Data items
§
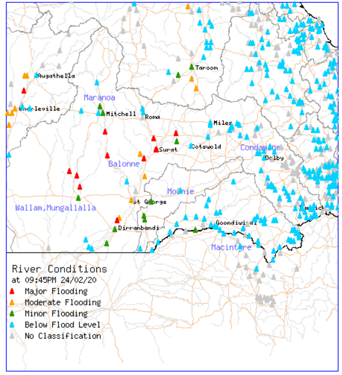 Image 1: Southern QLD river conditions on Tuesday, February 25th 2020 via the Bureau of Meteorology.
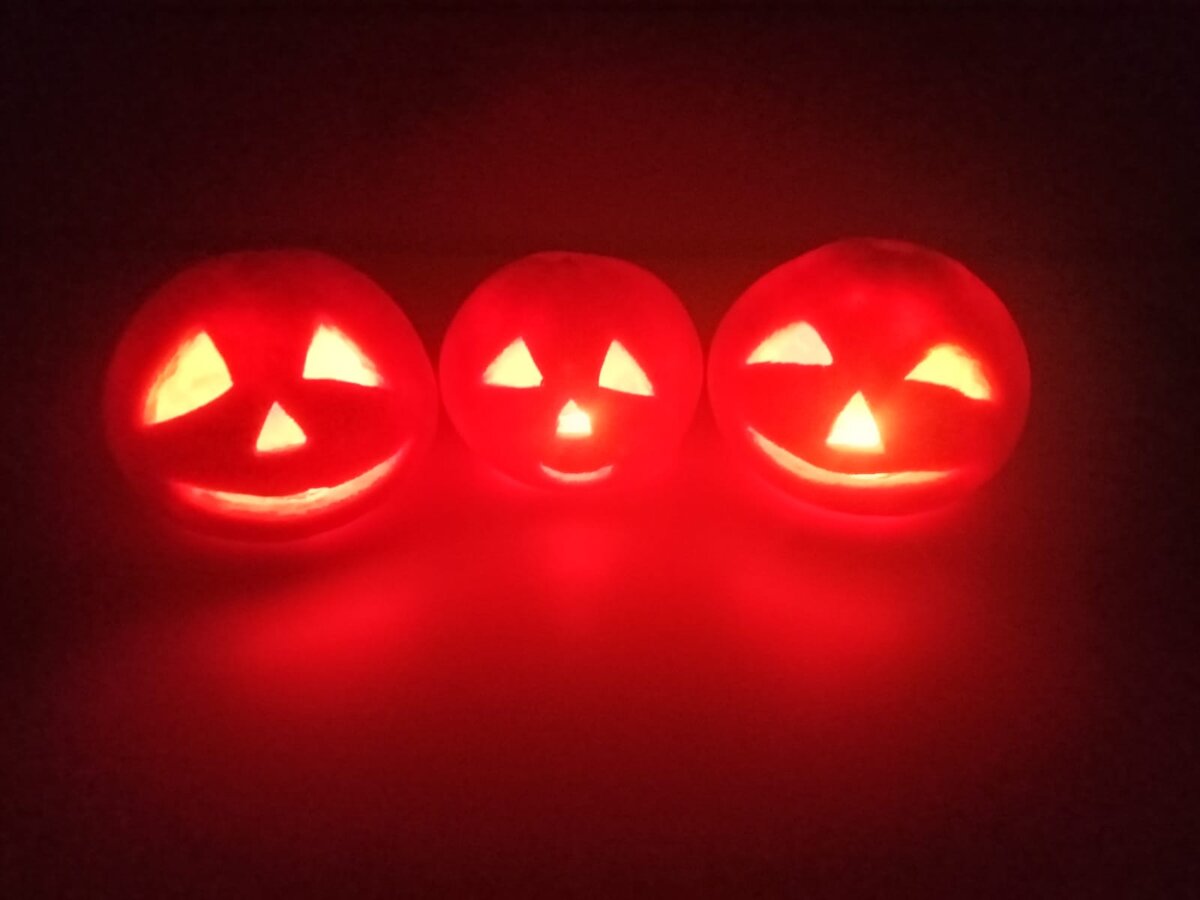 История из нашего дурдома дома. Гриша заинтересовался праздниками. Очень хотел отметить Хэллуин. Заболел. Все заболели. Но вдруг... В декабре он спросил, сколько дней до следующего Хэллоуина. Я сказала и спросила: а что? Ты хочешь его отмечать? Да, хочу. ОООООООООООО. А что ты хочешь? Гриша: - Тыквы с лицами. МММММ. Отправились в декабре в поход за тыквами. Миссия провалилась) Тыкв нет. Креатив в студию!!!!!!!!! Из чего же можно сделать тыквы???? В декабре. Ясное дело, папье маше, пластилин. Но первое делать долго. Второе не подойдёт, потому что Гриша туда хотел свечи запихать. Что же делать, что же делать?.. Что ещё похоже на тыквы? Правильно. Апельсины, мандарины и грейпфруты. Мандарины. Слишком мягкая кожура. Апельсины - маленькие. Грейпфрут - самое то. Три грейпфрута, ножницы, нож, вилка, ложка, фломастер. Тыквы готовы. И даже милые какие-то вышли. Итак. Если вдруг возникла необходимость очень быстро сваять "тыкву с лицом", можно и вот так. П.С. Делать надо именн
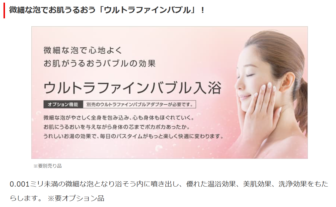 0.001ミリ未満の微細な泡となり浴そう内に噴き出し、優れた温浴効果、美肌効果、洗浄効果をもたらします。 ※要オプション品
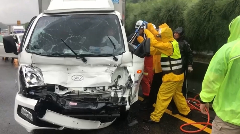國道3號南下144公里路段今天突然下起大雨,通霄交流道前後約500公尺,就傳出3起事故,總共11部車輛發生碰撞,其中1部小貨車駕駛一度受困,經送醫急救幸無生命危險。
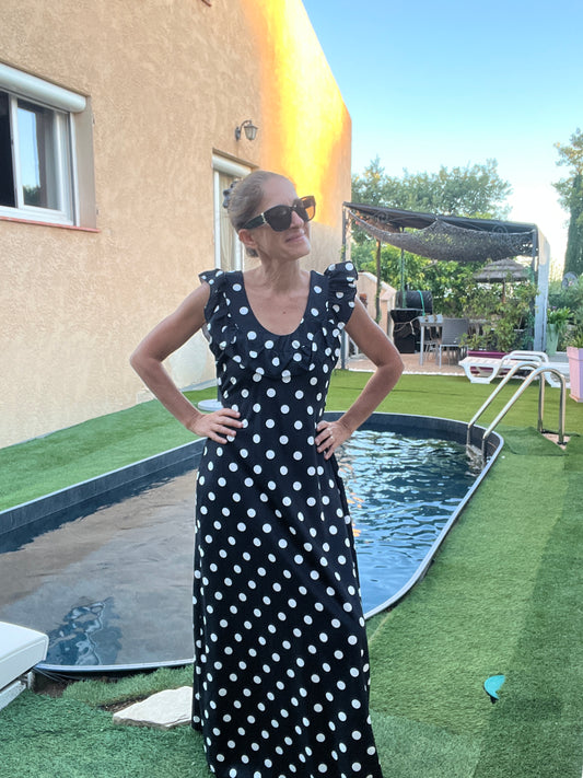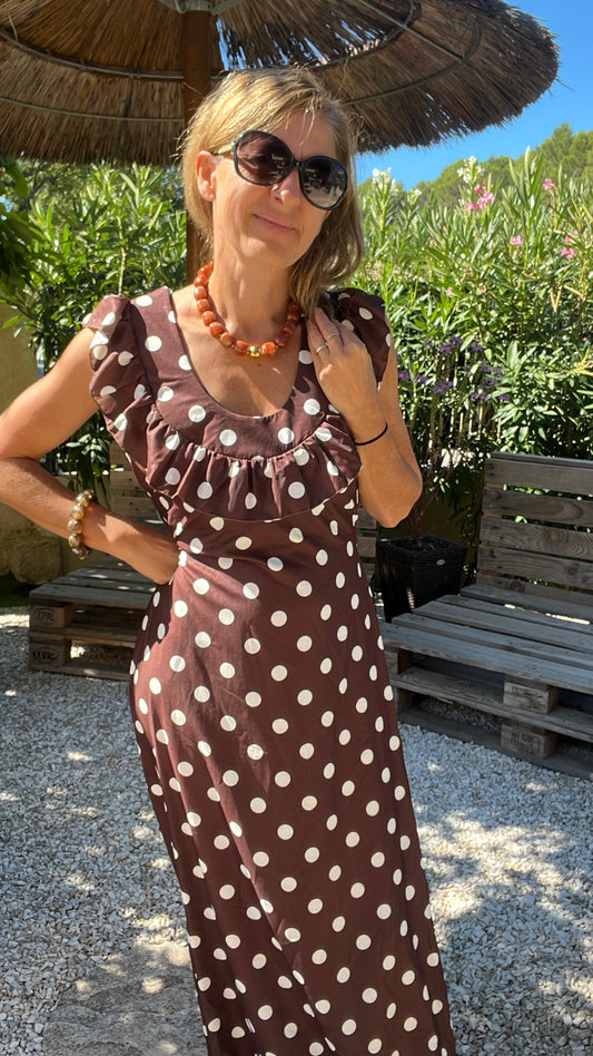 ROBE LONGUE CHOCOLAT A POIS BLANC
§
Where the line with "История из нашего" appears, begin there and transcribe exactly through the last line of the data, leaving all pictures aside.

 История из нашего дурдома дома. Гриша заинтересовался праздниками. Очень хотел отметить Хэллуин. Заболел. Все заболели. Но вдруг... В декабре он спросил, сколько дней до следующего Хэллоуина. Я сказала и спросила: а что? Ты хочешь его отмечать? Да, хочу. ОООООООООООО. А что ты хочешь? Гриша: - Тыквы с лицами. МММММ. Отправились в декабре в поход за тыквами. Миссия провалилась) Тыкв нет. Креатив в студию!!!!!!!!! Из чего же можно сделать тыквы???? В декабре. Ясное дело, папье маше, пластилин. Но первое делать долго. Второе не подойдёт, потому что Гриша туда хотел свечи запихать. Что же делать, что же делать?.. Что ещё похоже на тыквы? Правильно. Апельсины, мандарины и грейпфруты. Мандарины. Слишком мягкая кожура. Апельсины - маленькие. Грейпфрут - самое то. Три грейпфрута, ножницы, нож, вилка, ложка, фломастер. Тыквы готовы. И даже милые какие-то вышли. Итак. Если вдруг возникла необходимость очень быстро сваять "тыкву с лицом", можно и вот так. П.С. Делать надо именн
 0.001ミリ未満の微細な泡となり浴そう内に噴き出し、優れた温浴効果、美肌効果、洗浄効果をもたらします。 ※要オプション品
國道3號南下144公里路段今天突然下起大雨,通霄交流道前後約500公尺,就傳出3起事故,總共11部車輛發生碰撞,其中1部小貨車駕駛一度受困,經送醫急救幸無生命危險。
 ROBE LONGUE CHOCOLAT A POIS BLANC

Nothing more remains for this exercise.